O que chamou a atenção de Ney foi o aumento substancial no número de visualizações, onde percebeu que havia maior interesse pelo 1x1 do que por outras modalidades.
“Em 2019, teve um jogo no Ipsep, um jogador contra o outro. Esse jogo, se não me engano, foi valendo dez ou cinco mil reais. Aí comecei a fazer stories no Instagram e vi que a quantidade de visualizações triplicou praticamente. Então o pessoal gostou, começou a assistir mais”.
Consolidação nas redes sociais; Realidade e potencial do 1x1
Passados dois anos da primeira investida de Ney Silva na modalidade 1x1, os números só cresceram com as lives e vídeos de muitas partidas narradas e divulgadas por ele, com direito a confrontos badalados, como a partida entre os cantores Dadá Boladão e Livinho, em Osasco, em junho. A transmissão da partida no Instagram de Ney passou dos 90 mil espectadores. A partida na íntegra, publicada após a transmissão, chegou a 83 mil curtidas e 376 mil visualizações.
De acordo com Ney, a modalidade está apenas no começo e possui um potencial para se tornar algo grande, por se tratar de algo que mexe como “a maior paixão do mundo”, que é o futebol.

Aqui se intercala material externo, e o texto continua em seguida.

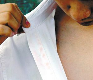 小黃驚訝地發(fā)現(xiàn),自己貼身穿了一段時間的衣服上面,東一塊西一塊全部是紅色的印跡。由于當(dāng)時小黃穿的是一件白襯衫,紅色的印跡顯得格外清晰。

"Acho que a gente não está nem em 1% do que o um pra um pode se transformar. A gente vê o tamanho do UFC, que é muito grande, porém é luta. A maior paixão do mundo, o maior evento que existe no mundo é o futebol. Então imagine um jogo de um jogador contra o outro, em um dos maiores esportes do mundo”
Ainda sobre o potencial de crescimento, Ney detalha fatores que justificam o potencial e revela o sonho de tornar o 1x1 uma modalidade olímpica. Entre os fatores, destaca o quanto cresceu individualmente nas redes sociais e também a chegada de empresas, que vem tornando a modalidade rentável e viável financeiramente, além do apoio de jogadores já renomados do futebol profissional.
“Vê o quanto que eu cresci em um ano praticamente. Imagine isso em três, quatro, cinco, dez anos. Veja o tanto de empresa que está apoiando o 1x1, veja quantos jogadores renomados que mudaram a vida com futebol, mudaram a vida de suas famílias, e agora acompanham um esporte amador como esse. Imagine algo mais organizado para esse esporte, que é o que a gente está querendo fazer no Geraldão, dando estrutura. Então, é um esporte que vai crescer gigantescamente. E o meu sonho é colocar um pra um com nas Olimpíadas", detalha.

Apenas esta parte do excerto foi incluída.